— Input data —
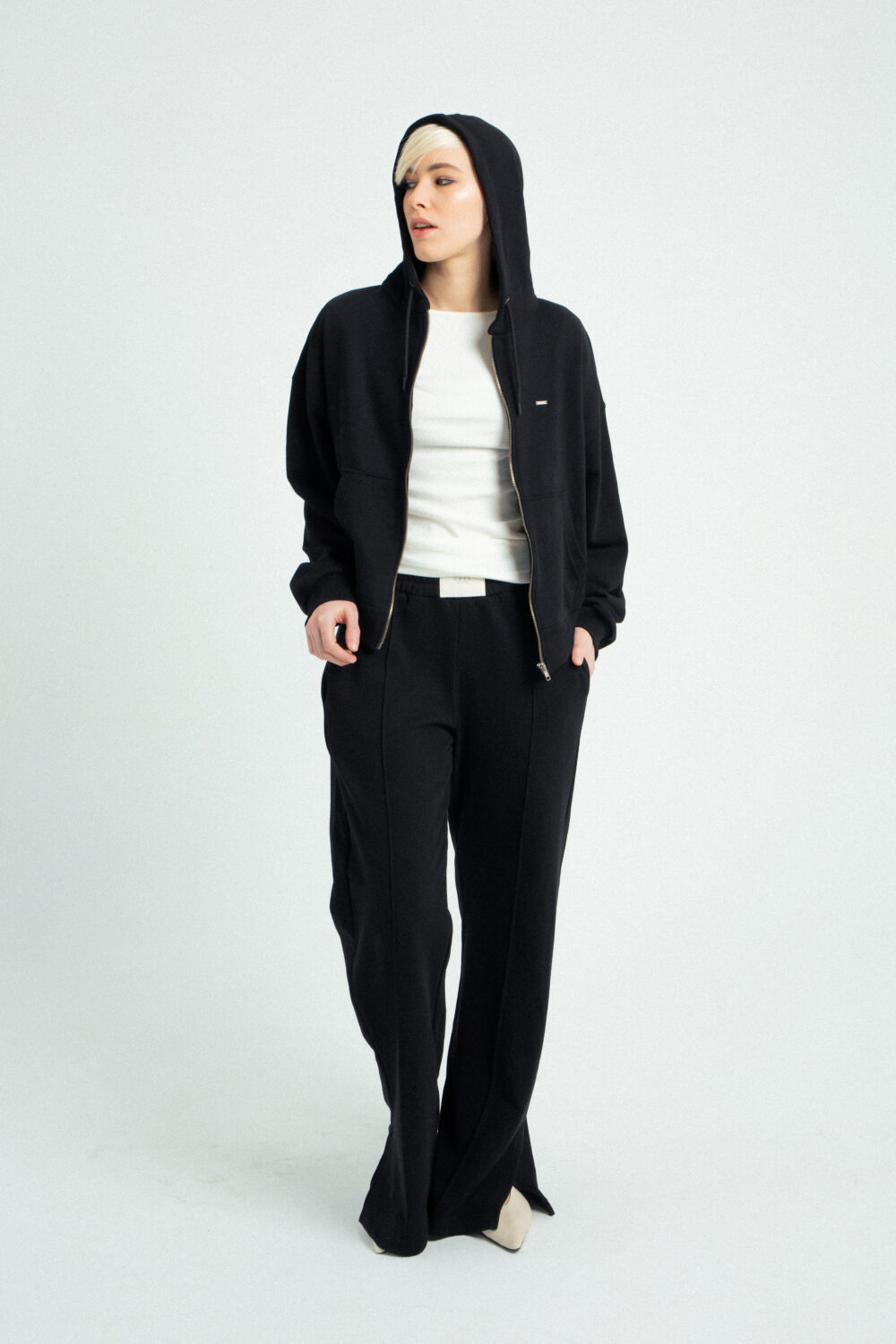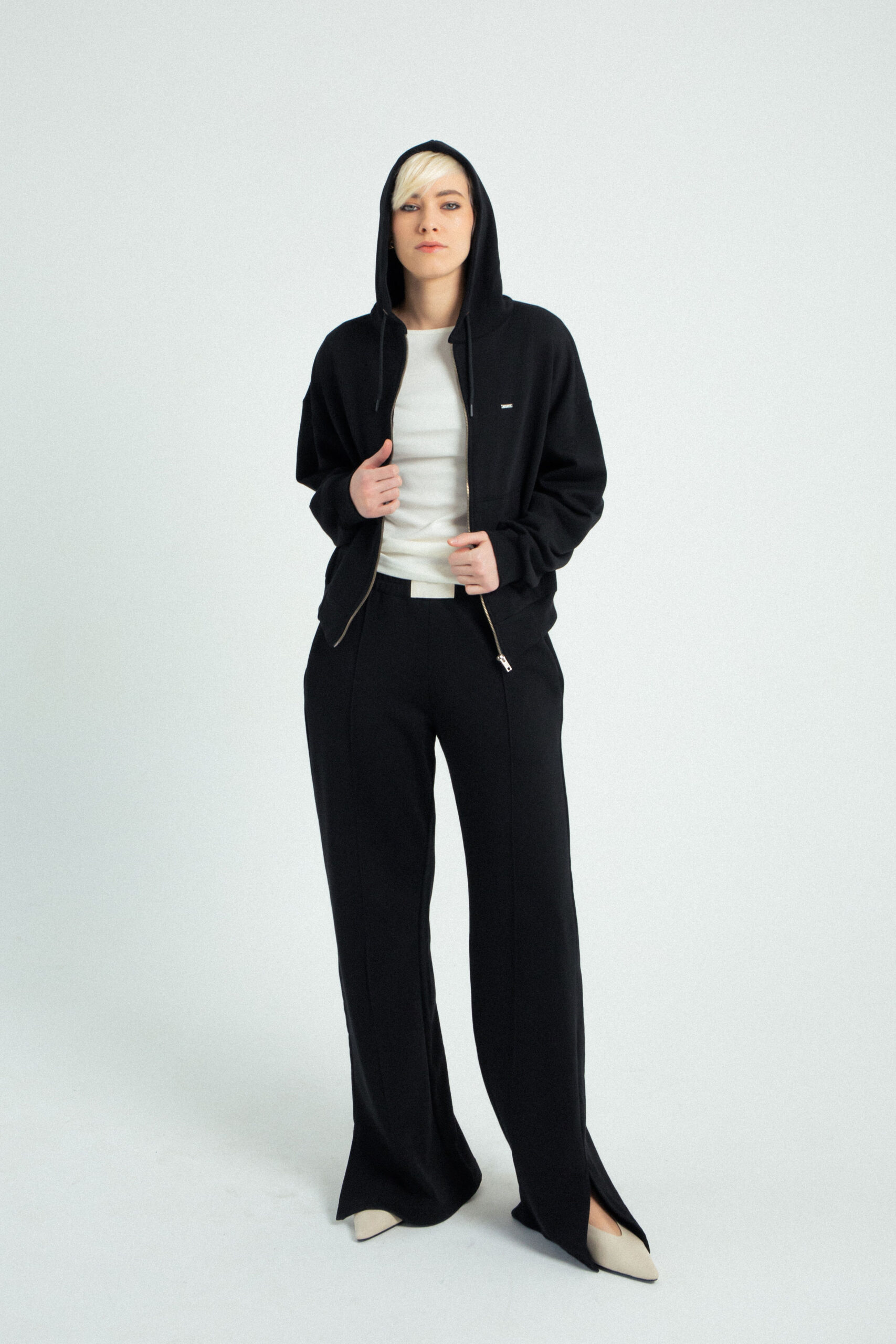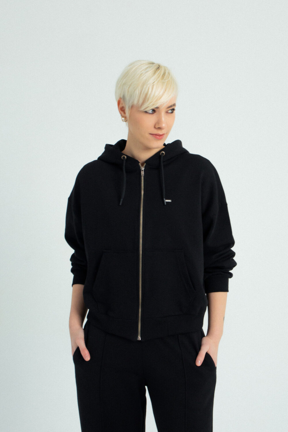Duks jakna Boyfriend – zip hoodie oversized kroja, ali koji i dalje lepo prati liniju tela, spuštenih ramena i blago širih rukava koji oblačiš jednom i više ga ne skidaš. :) Metalni rajsferšlus, kapuljača i praktični džepovi dodaju urbani karakter i funkcionalnost, dok minimalistički dizajn omogućava lako kombinovanje, od helanki i trenerki do farmerki ili suknje za kontrastni, edgy look. Bezvremenski, udoban i jednostavan komad koji se nosi bez razmišljanja i uvek.
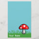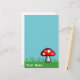 Um design summery da arte do pixel. Um cogumelo vermelho do agaric de mosca cresce em um prado da grama do pixel com céu azul. Mude "seu nome" para um nome ou outras palavras do costume.
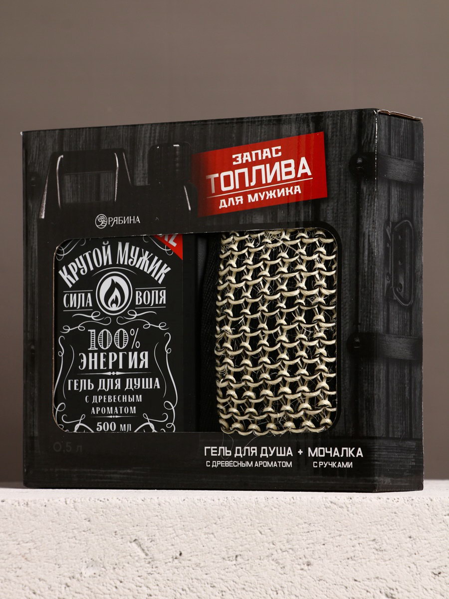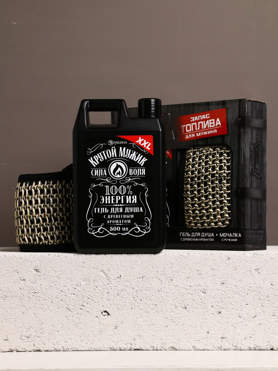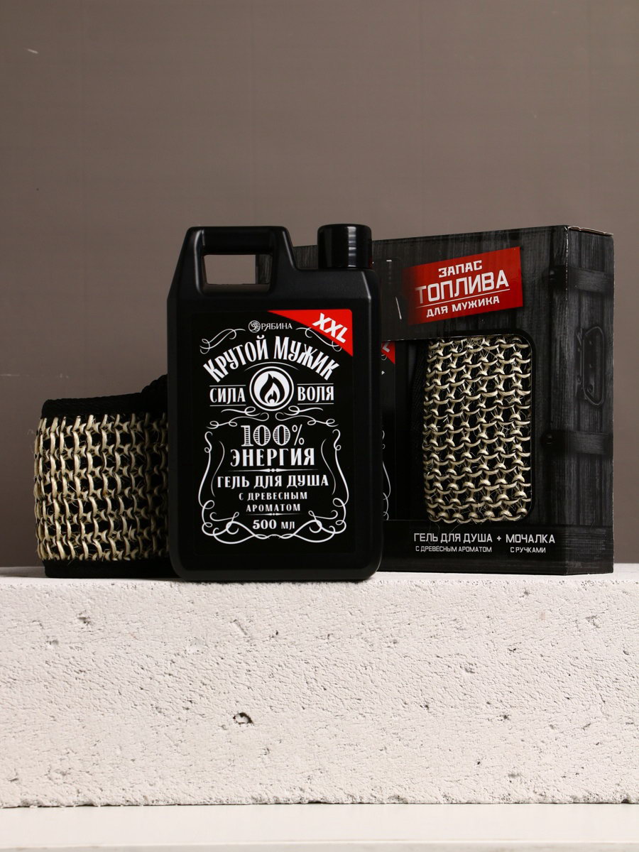 Подарочный набор "Запас топлива", гель для душа канистра 500 мл и мочалка лента, HARD LINE, Россия
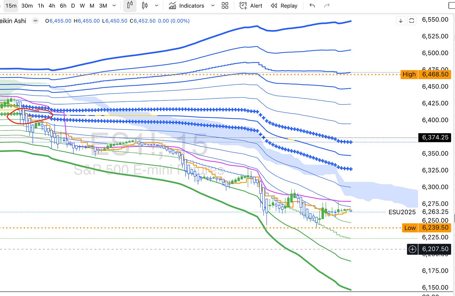 Shown below a 15 min chart on ES1! for which lower fence turned Blue (means Resistance) since Thursday 12:30PM CST
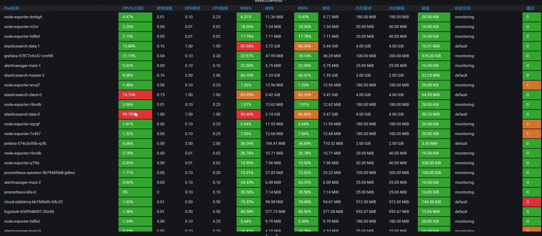 嗯,不错,ES data的POD把资源用起来了。其实这里要想继续调,还可以把CPU加大,ES本来就是吃CPU、内存的大户。不过,我们前面在配置的时候,给ES data的CPU也确实太小了。这个问题,并不是我故意设计出来的,而是当时在部署的时候,没考虑到这些。
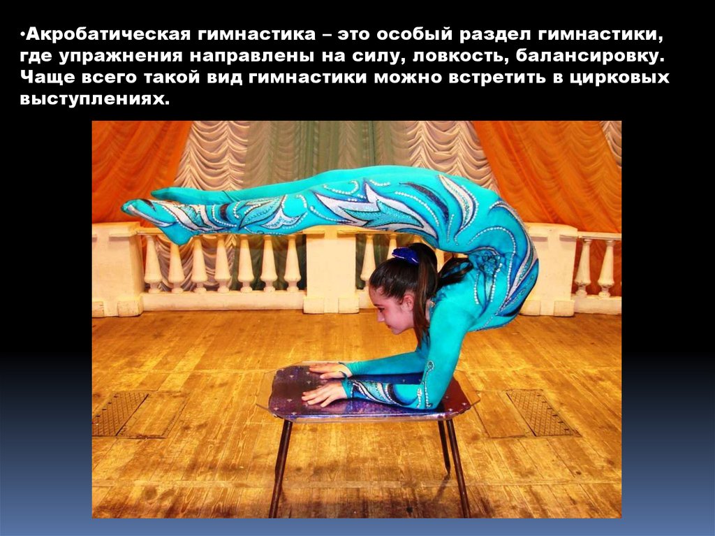 •Акробатическая гимнастика – это особый раздел гимнастики,где упражнения направлены на силу, ловкость, балансировку.
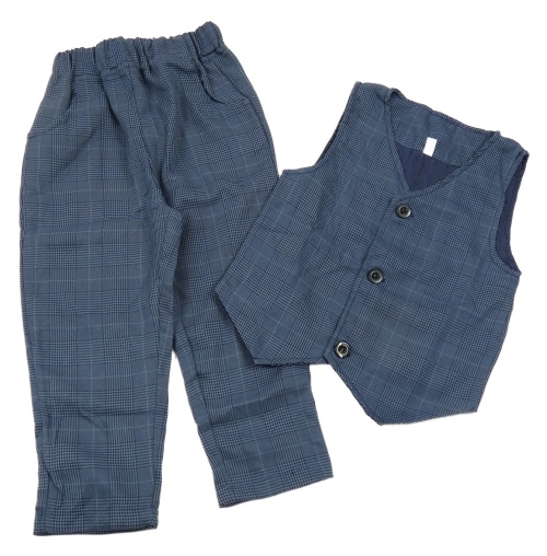 2 set - tmavomodro-modré kostkované kalhoty + tmavomodro-modrá vesta
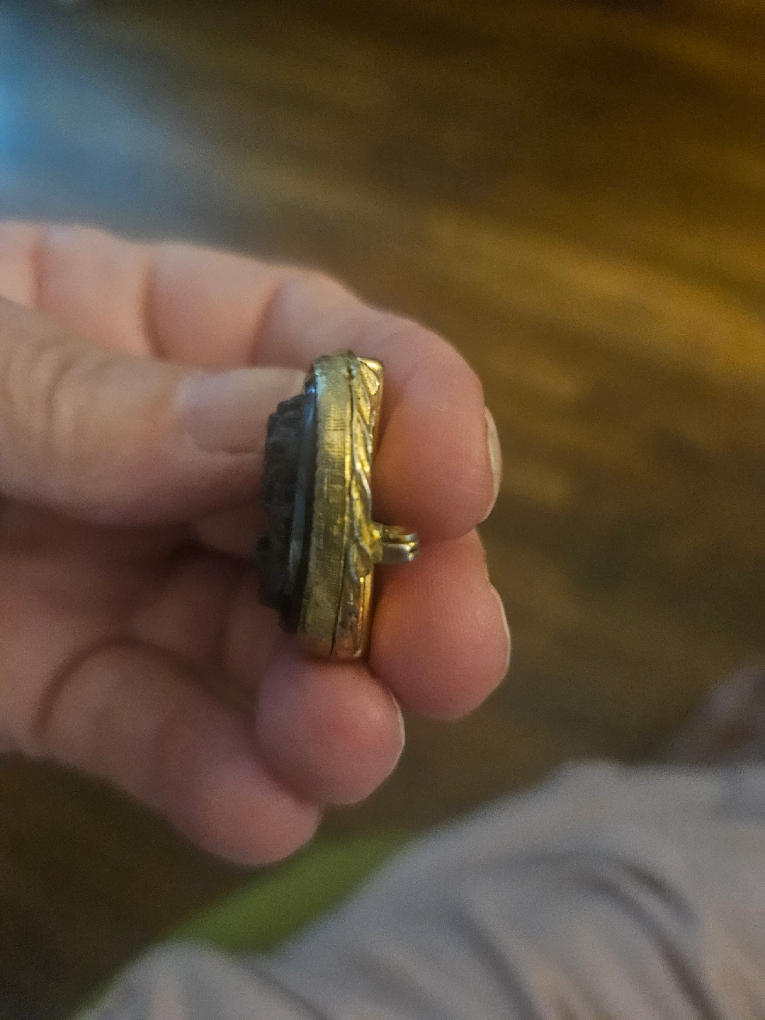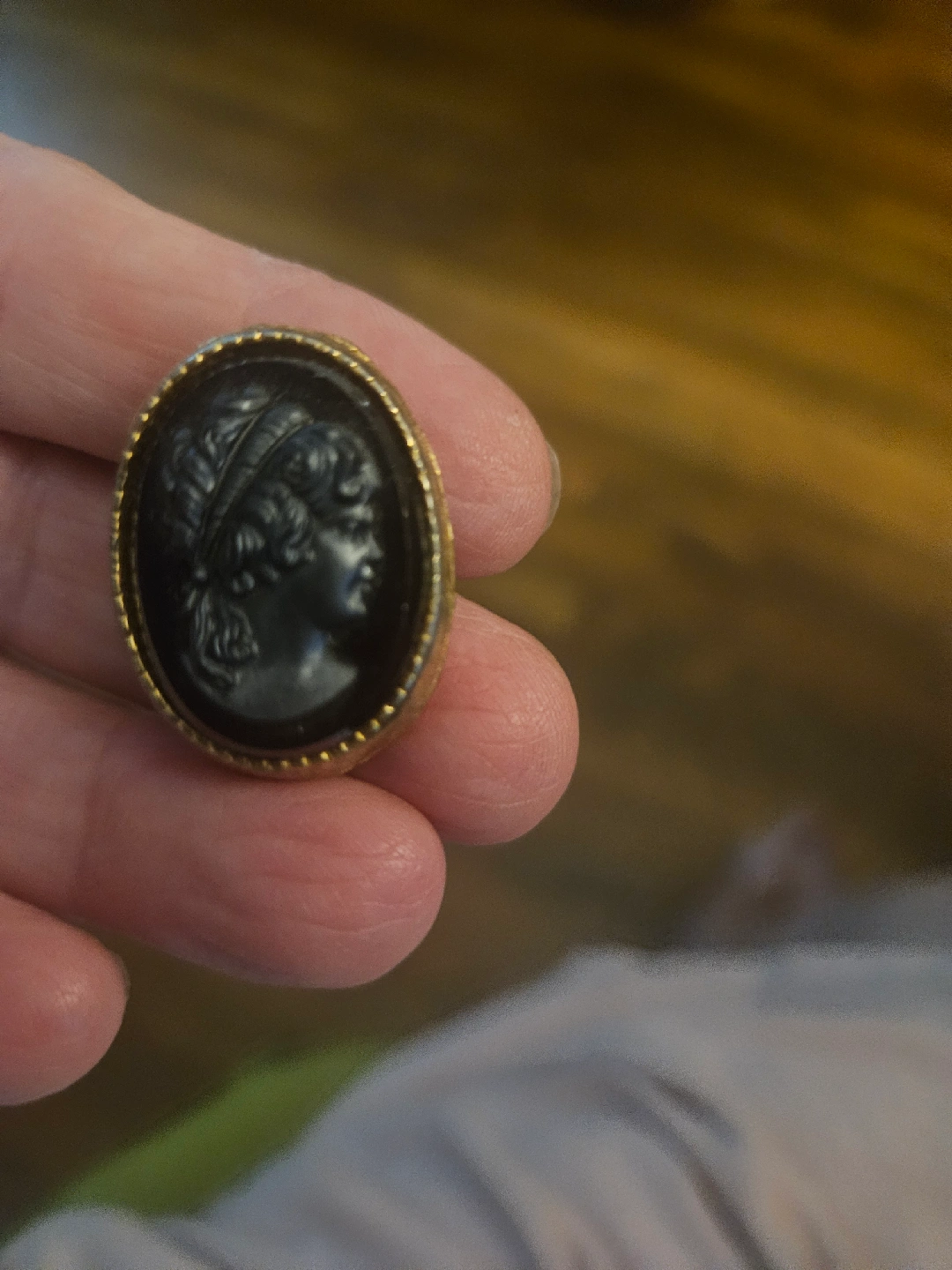 Show allVTG Cameo Avon Gold Tone Silhouette Greak Necklace

— Try it —
Images in the data above are to be skipped. Retype all other material exactly.

— Written answer —
Duks jakna Boyfriend – zip hoodie oversized kroja, ali koji i dalje lepo prati liniju tela, spuštenih ramena i blago širih rukava koji oblačiš jednom i više ga ne skidaš. :) Metalni rajsferšlus, kapuljača i praktični džepovi dodaju urbani karakter i funkcionalnost, dok minimalistički dizajn omogućava lako kombinovanje, od helanki i trenerki do farmerki ili suknje za kontrastni, edgy look. Bezvremenski, udoban i jednostavan komad koji se nosi bez razmišljanja i uvek.
 Um design summery da arte do pixel. Um cogumelo vermelho do agaric de mosca cresce em um prado da grama do pixel com céu azul. Mude "seu nome" para um nome ou outras palavras do costume.
 Подарочный набор "Запас топлива", гель для душа канистра 500 мл и мочалка лента, HARD LINE, Россия
 Shown below a 15 min chart on ES1! for which lower fence turned Blue (means Resistance) since Thursday 12:30PM CST
 嗯,不错,ES data的POD把资源用起来了。其实这里要想继续调,还可以把CPU加大,ES本来就是吃CPU、内存的大户。不过,我们前面在配置的时候,给ES data的CPU也确实太小了。这个问题,并不是我故意设计出来的,而是当时在部署的时候,没考虑到这些。
 •Акробатическая гимнастика – это особый раздел гимнастики,где упражнения направлены на силу, ловкость, балансировку.
 2 set - tmavomodro-modré kostkované kalhoty + tmavomodro-modrá vesta
 Show allVTG Cameo Avon Gold Tone Silhouette Greak Necklace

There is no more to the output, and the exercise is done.